Mitigation and Remediation

Update to Ollama 0.17.1 immediately. Qualys confirms this release addresses the vulnerability. Administrators managing containerized or multi-instance infrastructures must ensure no legacy images remain in use.
Disable Public Exposure. Avoid setting OLLAMA_HOST=0.0.0.0 on internet-facing servers. Listening should be restricted to local interfaces, private networks, or corporate VPNs to minimize the external attack surface.
Enforce Authentication. Because the /api/create and /api/push endpoints are open by default, a reverse proxy with mandatory authentication or a web application firewall (WAF) should be used to block anonymous requests.
Rotate Secrets and Monitor Logs. Inspect logs for suspicious /api/create requests involving unknown GGUF files. Proactively rotate any API keys or credentials that may have resided in process memory during the exposure period.

This flaw serves as a reminder that the line between local inference and exposed infrastructure is thinner than many assume. The widespread adoption of OLLAMA_HOST=0.0.0.0 for convenience, combined with a single unsafe call in Go, collapsed the barrier between a downloaded model and the server's entire memory space. Organizations treating on-premise AI as a "safe zone" now have a compelling reason to re-evaluate their perimeter, authentication, and network segmentation strategies for inference workloads.

Frequently Asked Questions

Does version 0.17.1 fully resolve the issue?

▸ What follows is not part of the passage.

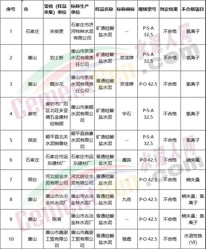 浙江省浙江省市場(chǎng)監(jiān)管局2019年硅酸鹽水泥產(chǎn)品監(jiān)督抽查結(jié)果顯示10個(gè)地區(qū)的49個(gè)批次產(chǎn)品中不合格2批次,不合格項(xiàng)目為氯離子。

Qualys identifies version 0.17.1 as the fix for this flaw. However, infrastructure managers should verify the specific version running on every node, ensure legacy container deployments are purged, and prioritize enabling authentication and network restrictions as a defense-in-depth measure.

Is OLLAMA_HOST=0.0.0.0 the only risk factor?

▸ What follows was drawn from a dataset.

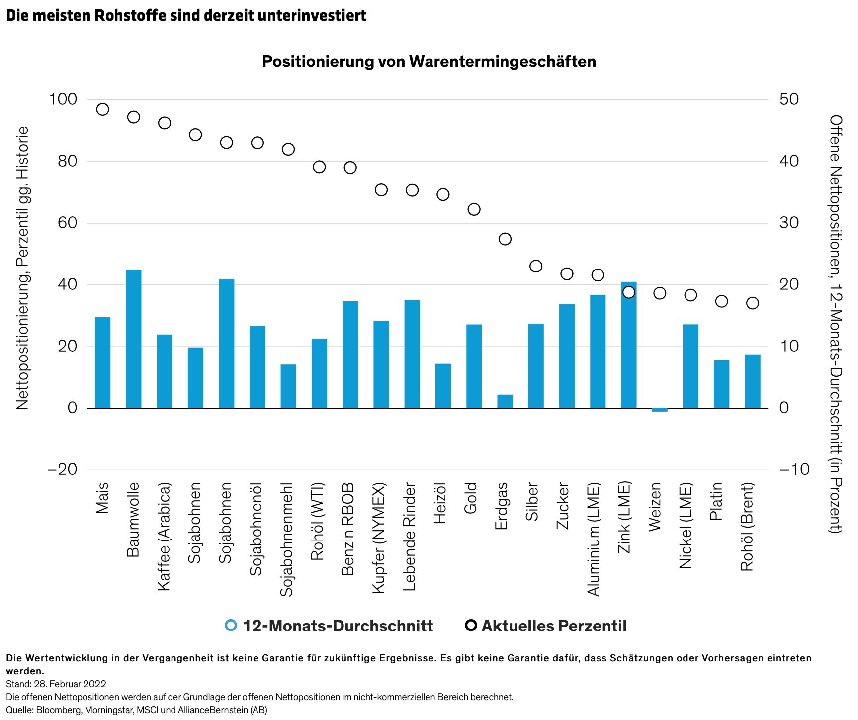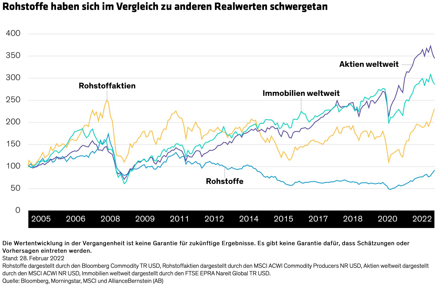Im Allgemeinen scheinen Rohstoffe immer attraktiver zu werden, und sie haben sich in der Vergangenheit in einem Umfeld mit hoher Inflation und geopolitischen Risiken, wie es heute der Fall ist, besser entwickelt als der breite Markt. Allerdings sind sie extrem volatil und können sich über längere Zeiträume schlechter als Aktien entwickeln. Daher ist es wichtig, das Engagement in Rohstoffen mit Bedacht zu wählen.

While the 0.0.0.0 setting increases danger by making endpoints reachable via the internet, the vulnerability exists in the code itself. Any environment where an attacker can interact with /api/create and /api/push—including internal networks—is potentially compromisable. Segmentation reduces the probability of an external attack but does not eliminate the underlying security defect.

Can I detect if my server has already been compromised?

Current sources do not indicate widespread active exploitation in the wild, making it difficult to provide definitive indicators of compromise (IoCs). Because the leak occurs in memory and exfiltration via /api/push resembles legitimate model publishing, detection is challenging. Immediate patching and the proactive rotation of sensitive credentials remain the most reliable countermeasures.

Information verified against cited sources and accurate at the time of publication.